In the current issue of the International Journal of Cardiovascular Imaging, Koskenvuo and coworkers [1] used echocardiography in a rat model of monocrotaline-induced pulmonary arterial hypertension (PAH). The authors evaluated whether invasive measurements of blood pressures, vascular resistances, right ventricular (RV) wall thickness and RV cavity size could be replaced accurately by corresponding echocardiographic measurements. The authors succeeded to acquire echocardiographic images that produced parameters of PAH with low (<10%) intra-observer and low inter-observer variability, except for tissue Doppler derived isovolumetric relaxation time of the RV (IVRT’) having an interobserver variability of 22.2%. Regarding diagnostic performance of echocardiographic parameters to detect PAH, i.e. a mean pulmonary arterial pressure >25 mmHg, the authors found a sensitivity of 86.4%, a specificity of 97.6%, a positive predictive value of 92.3%, and a negative predictive value of 93.8%. At day 21, noninvasive assessment of PAH demonstrated large differences between invasively measured systolic PAP and echocardiographically assessed systolic PAP (39.5 ± 15.5 and 66.4 ± 18.8 mmHg, respectively) and between invasively measured total pulmonary vascular resistance (TPVR) and echocardiographically assessed TPVR (3.5 ± 2.3 and 7.7 ± 2.8 104*dyn.s.cm−5). The authors held these large differences responsible to the absence of significant tricuspid valve regurgitation (TR) jet in several rats with developing PAH. This seems a very likely explanation as at day 35 both invasively measured systolic PAP and TPVR approached echocardiographically assessed systolic PAP and TPVR much better. Of note, TPVR has not previously been studied in rodents using echocardiography. It was concluded that the use of non-invasive parameters may replace invasive measurements in detecting successful disease induction and to complement invasive data in the evaluation of PAH severity in a rat model.

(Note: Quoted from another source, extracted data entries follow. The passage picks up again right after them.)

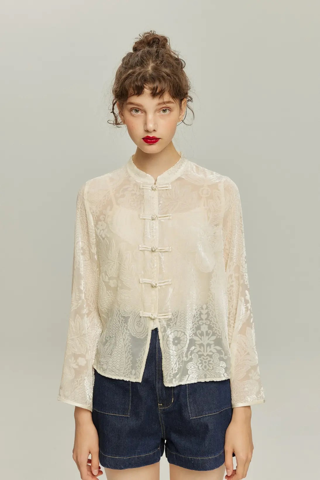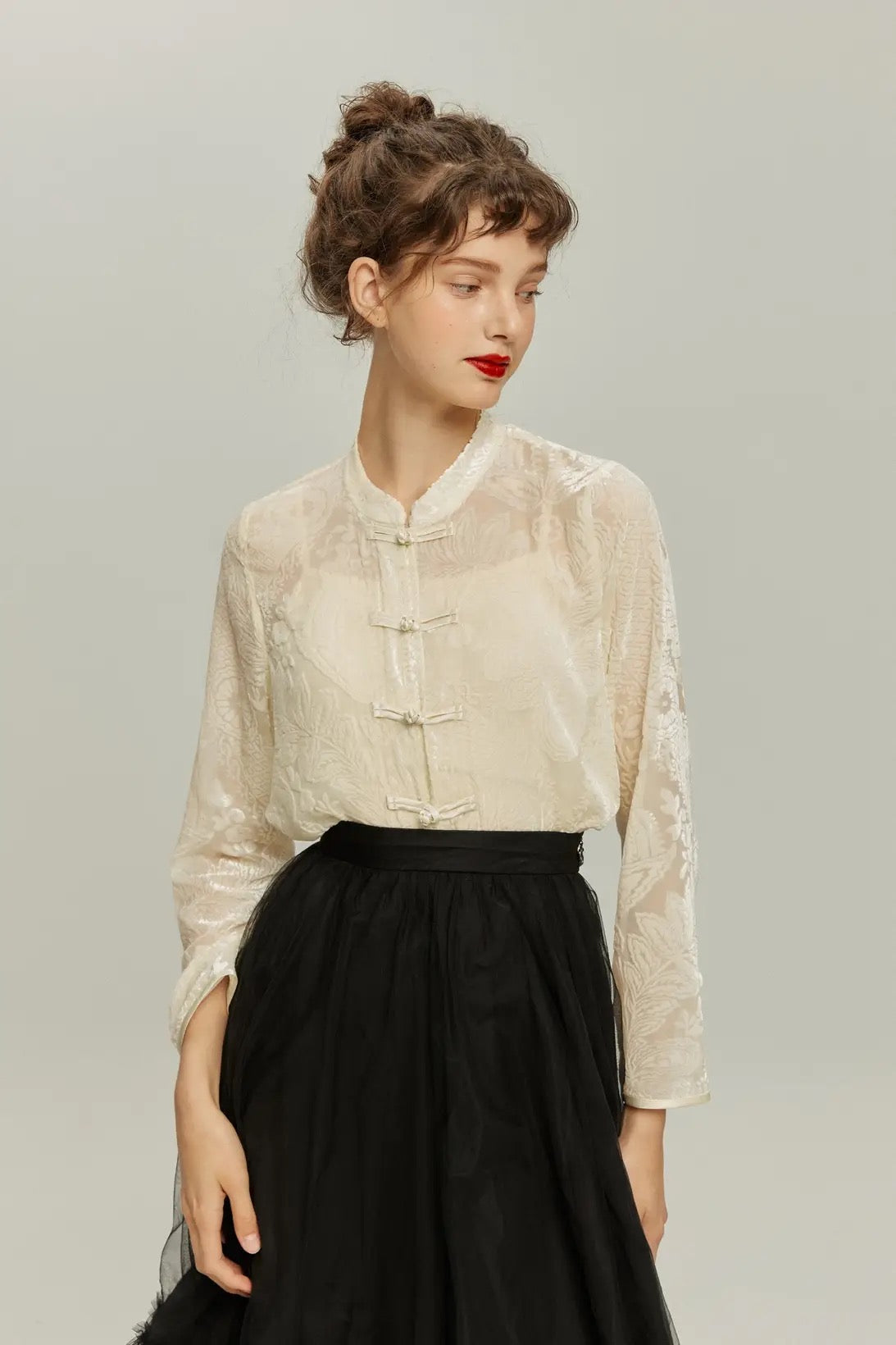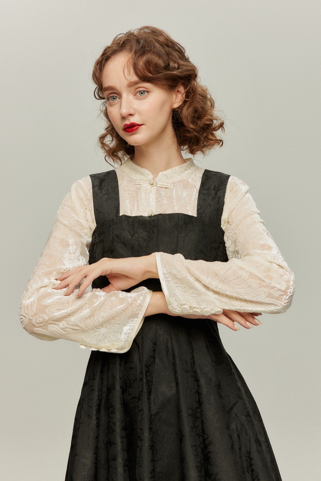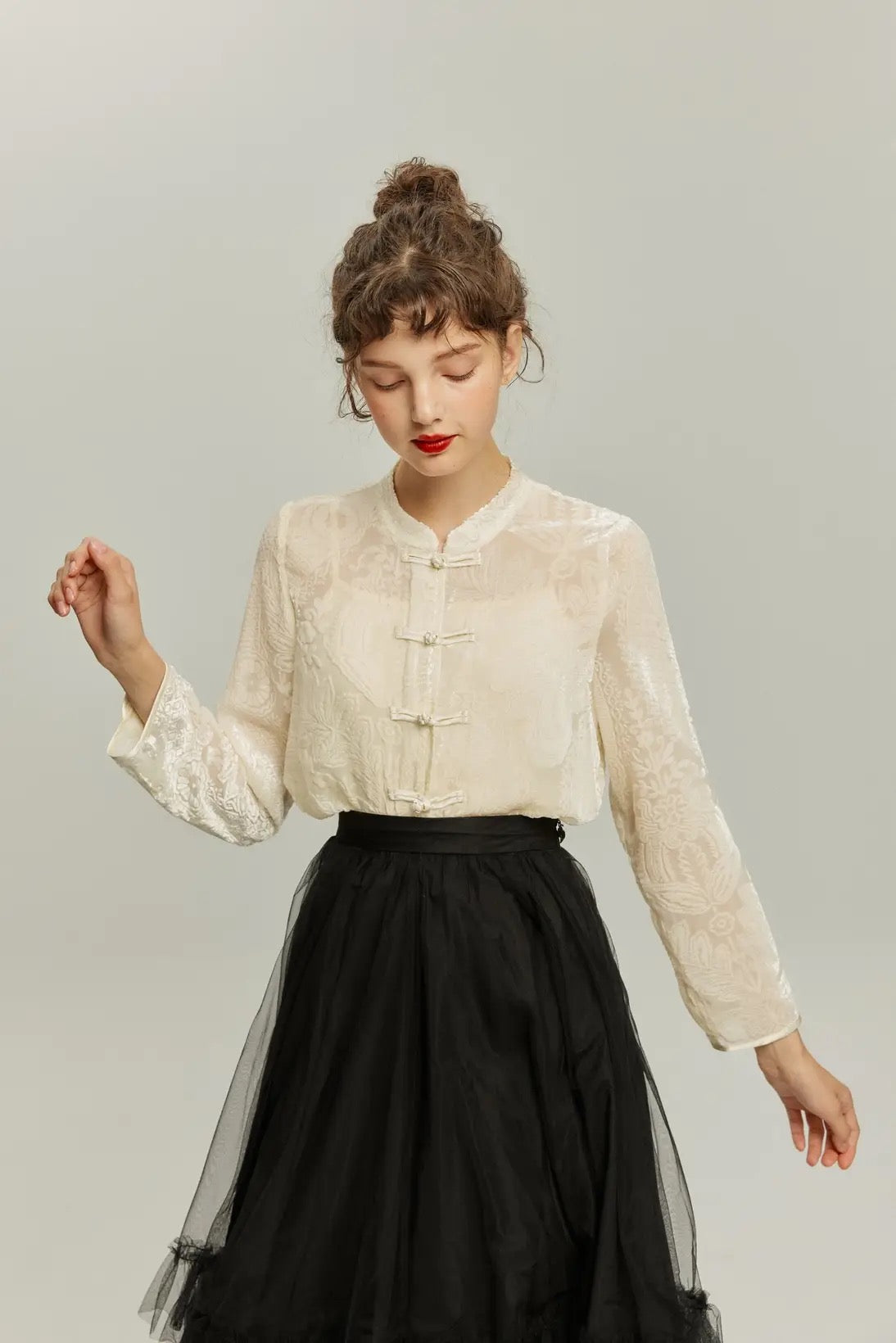 《茶葉でも占えます》チャイナバックルベルベットトップス-White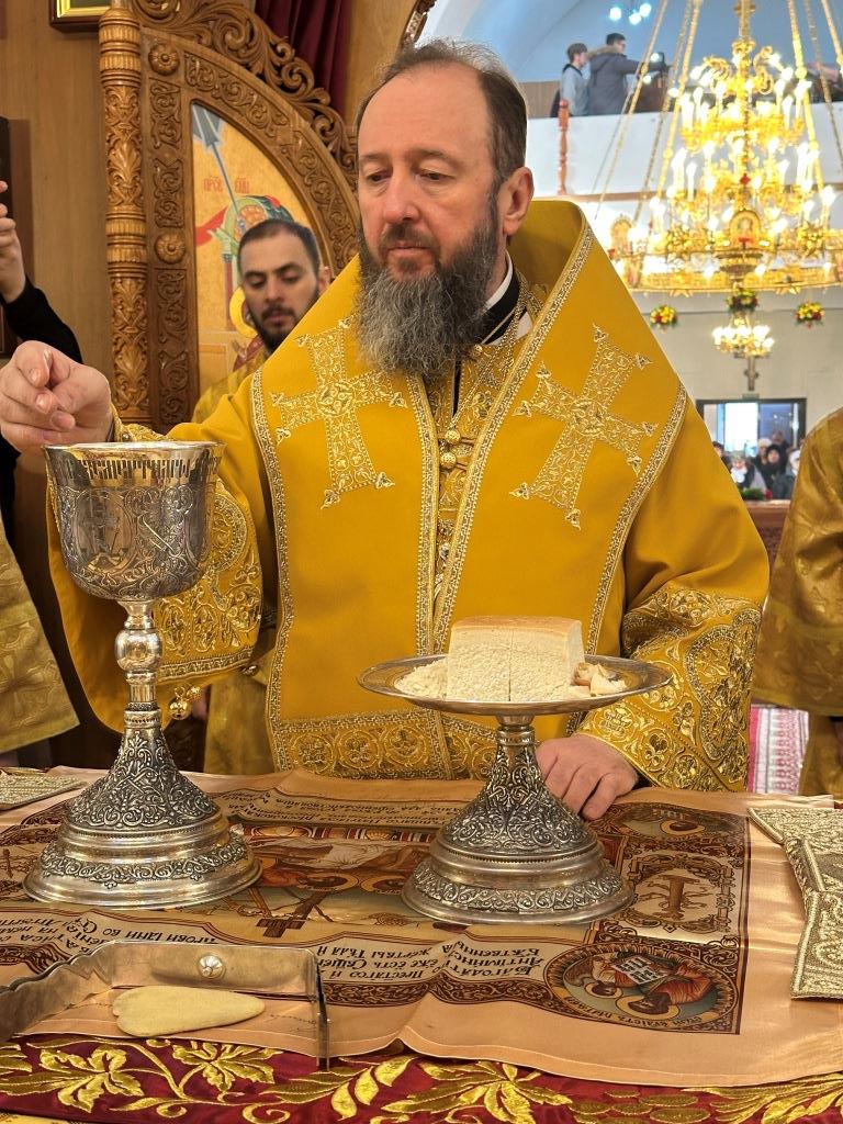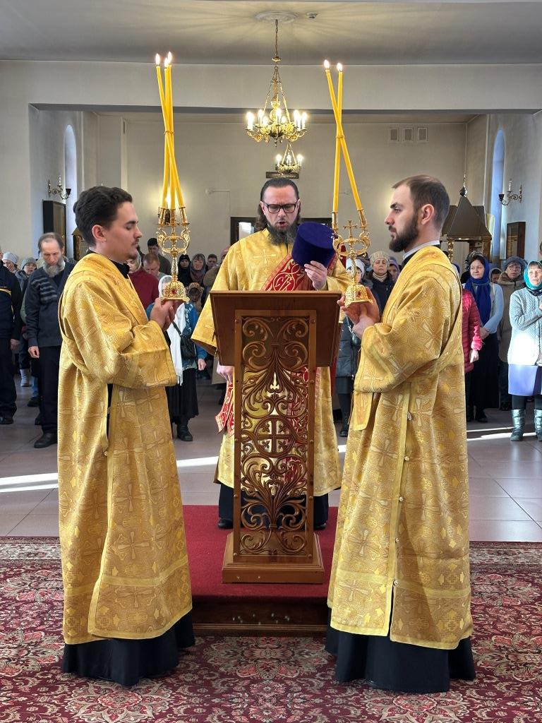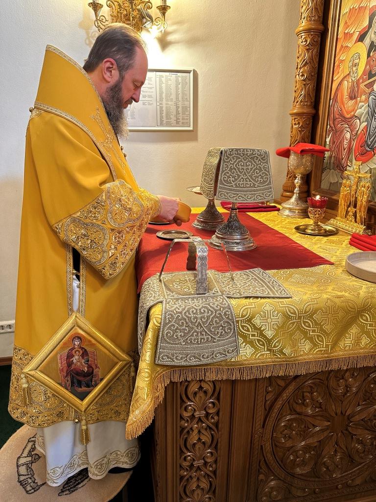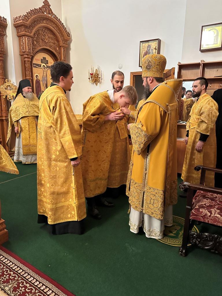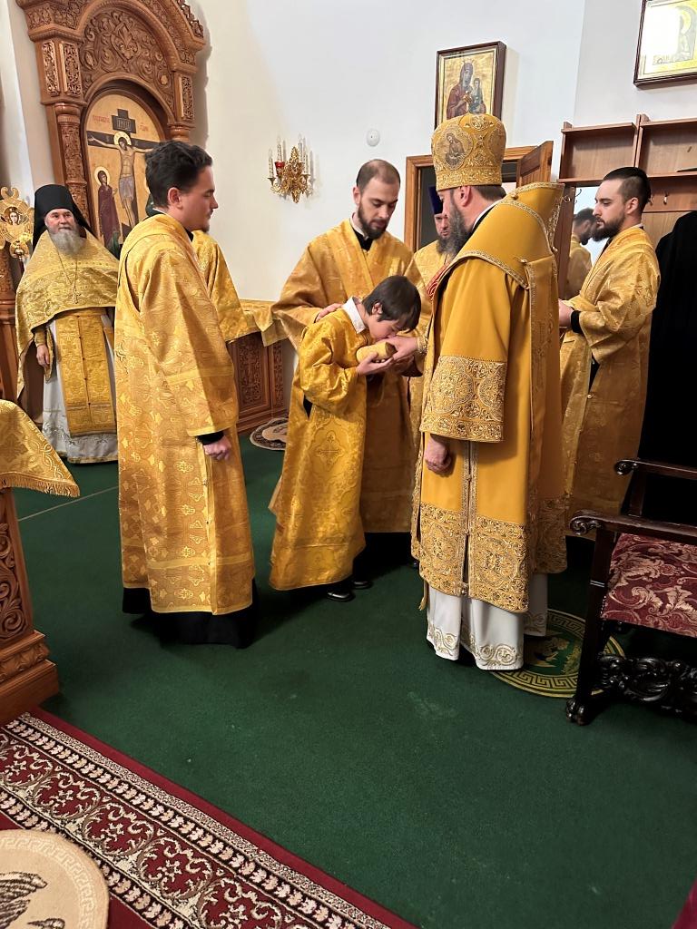 Его Высокопреосвященству сослужили: ключарь кафедрального собора иеромонах Никодим (Авдеев), клирик собора иерей Константин Дьяков, протодиакон Андрей Дудник, секретарь епархии диакон Илия Кван.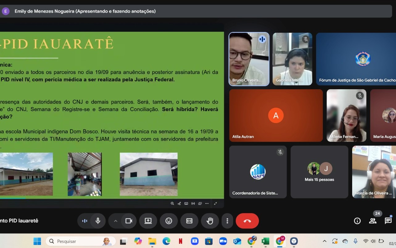 Nesta quinta-feira (2/10), representantes dos órgãos parceiros se reuniram para alinhar os últimos preparativos da inauguração. Em formato virtual, teve a participação do juiz Roberto Taketomi; do juiz titular da Vara Única da Comarca de São Gabriel da Cachoeira, Manoel Átila Araripe Autran Nunes; e de representantes das instituições parceiras – Prefeitura Municipal de São Gabriel da Cachoeira; Cartório Extrajudicial de São Gabriel da Cachoeira; Justiça Federal de 1.º Grau/Seção Judiciária do Amazonas (SJAM); Tribunal Regional Eleitoral do Amazonas (TRE/AM); Tribunal Regional do Trabalho da 11.ª Região AM/RR (TRT11); Defensoria Pública do Estado do Amazonas (DPE/AM); Ministério Público do Estado do Amazonas (MPAM); Ordem dos Advogados do Amazonas, Seccional Amazonas (OAB/AM); e Fundação Nacional dos Povos Indígenas/Coordenação Regional Rio Negro (Funai C. R. Rio Negro).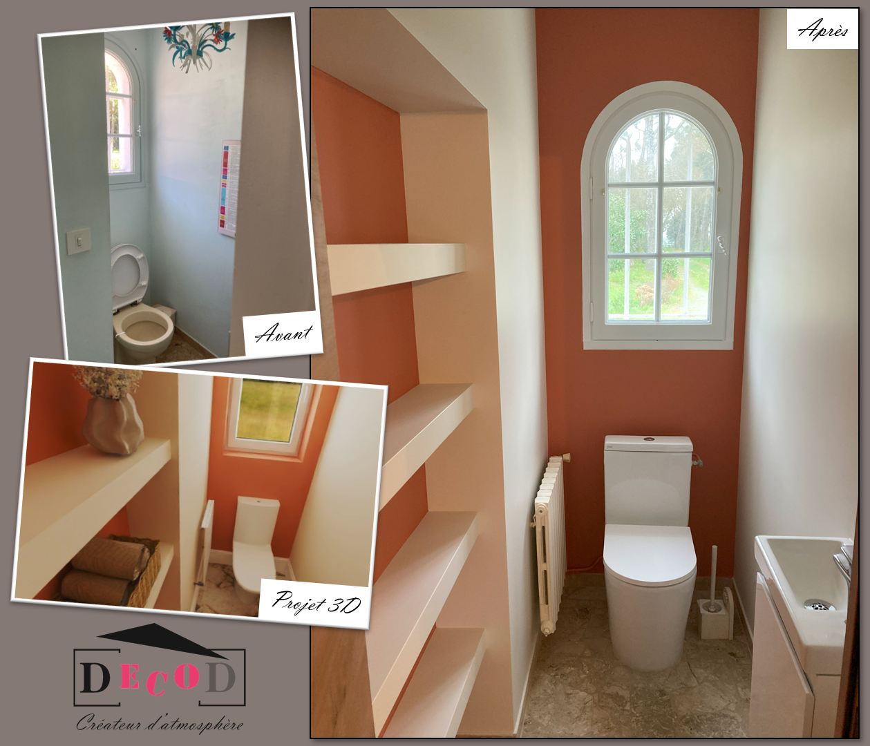 Rénovation de toilettes (2024) – Dans le cadre d’une rénovation globale, DecoD a optimisé les mètres carrés de cette maison. Julie a ainsi modifié l’accès aux WC, tout en les relookant.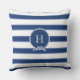 Coussin Bleu Marine Blanc Monogramme Nautique Stripes mode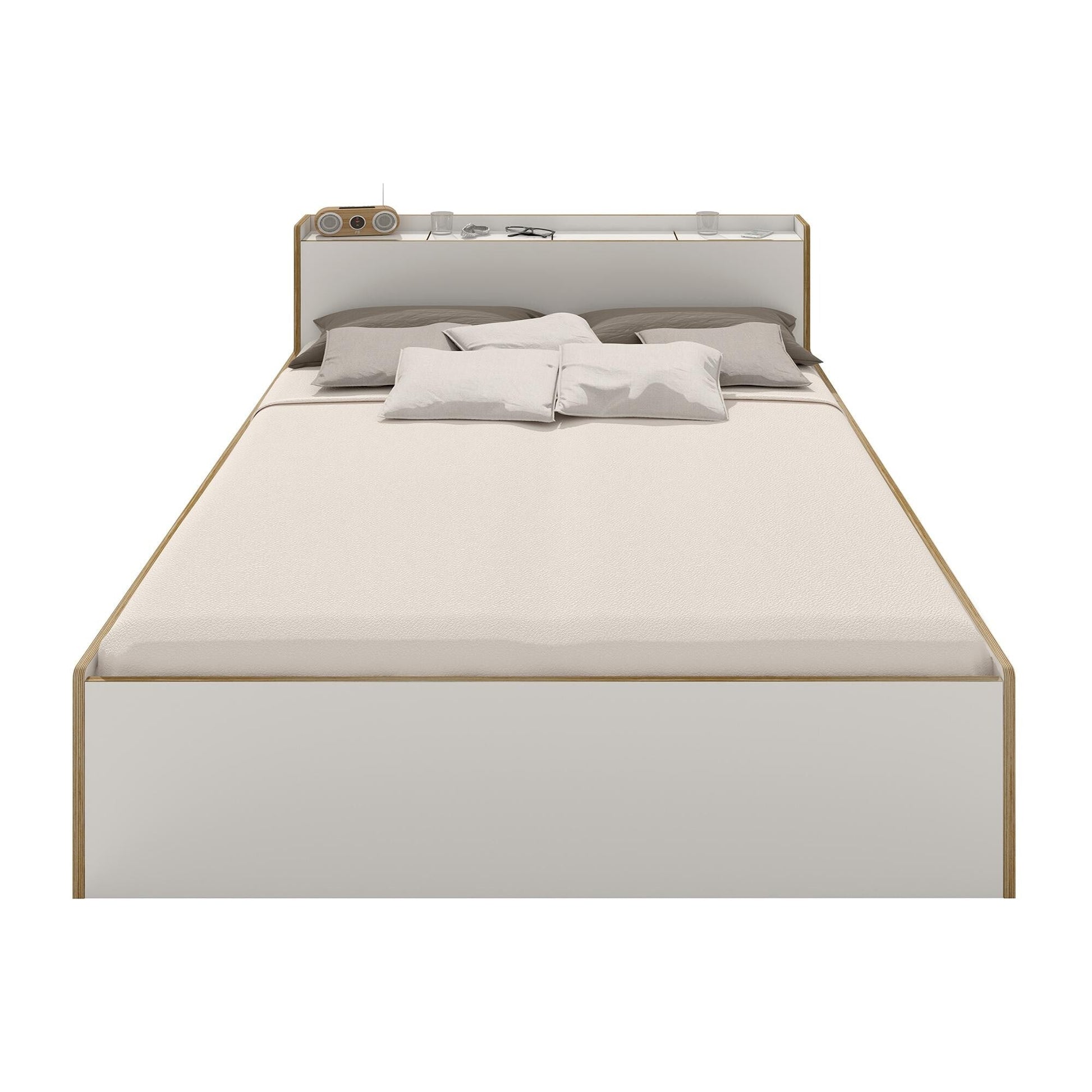 Ein besonderer Vorteil dieses Möbelstücks ist die Abstellfläche am Kopfteil, auf der Leuchten, Wecker und andere Utensilien sicher abgestellt werden können. Die unauffällig gestalteten Öffnungen für die Kabel sorgen für einen sauberen und ordentlichen Eindruck. Die Platten, die das Kopfteil teilweise bedecken, können mit einem Klappscharnier geöffnet werden und bieten zusätzlichen Stauraum. Die Fächer sind nicht nur mit Kabelauslässen ausgestattet, sondern auch so gestaltet, dass sie viel Stauraum bieten und einen harmonischen Gesamteindruck vermitteln.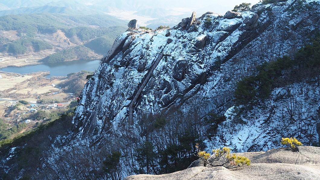 세 번째도 무사히 올랐는데 내려가는 길이 얼어서 도저히 불가..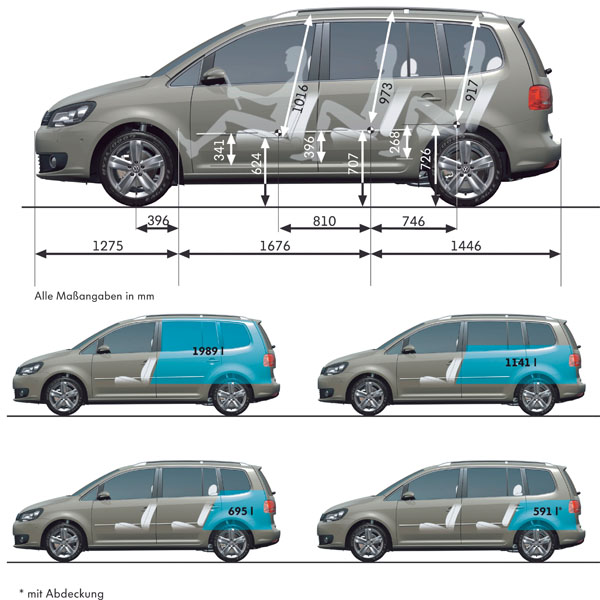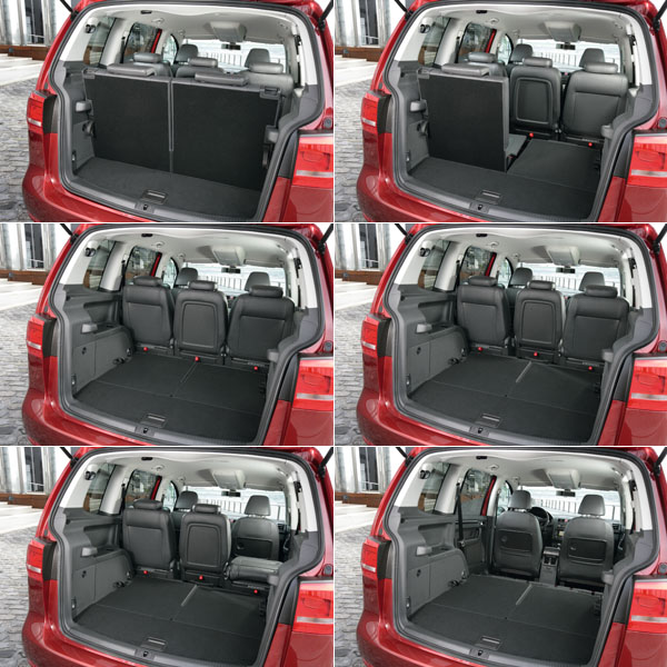 Touran第二排三張座椅皆可獨立滑移、折疊與拆卸,亦可依需求成為四人、五人、六人、七人座等不同配置,再加上自695公升至1989公升(後座椅背覆倒)的彈性行李廂置物空間。

The difficulty of performing invasive measurements in animals with advanced PAH is an important limitation of all invasive parameters and underscores the importance of innovative noninvasive measurements. The highly vulnerable status of the RV and more generally of the heart in rats with severe PAH often hampers extensive characterization of RV function with the pressure-conductance catheter as we have experienced ourselves [2–4]. As a result, echocardiography may have a specific new role in evaluating PAH. The main disadvantage of electrocardiographic assessment of PAH is to accurately assess the functional characteristics of RV. In the present study, in 13 out of 75 (17%) studies no adequate echocardiographic RV measurements could be performed. Generally, assessment of the RV is cumbersome by echocardiography due to limited acoustic window and the abnormal shape of the RV [5–16]. These limitations might be to a certain extent overcome by using transesophageal or 3D-echocardiography [17–21], but magnetic resonance imaging often provides a better visualization of the RV, allowing improved quantification [22–33].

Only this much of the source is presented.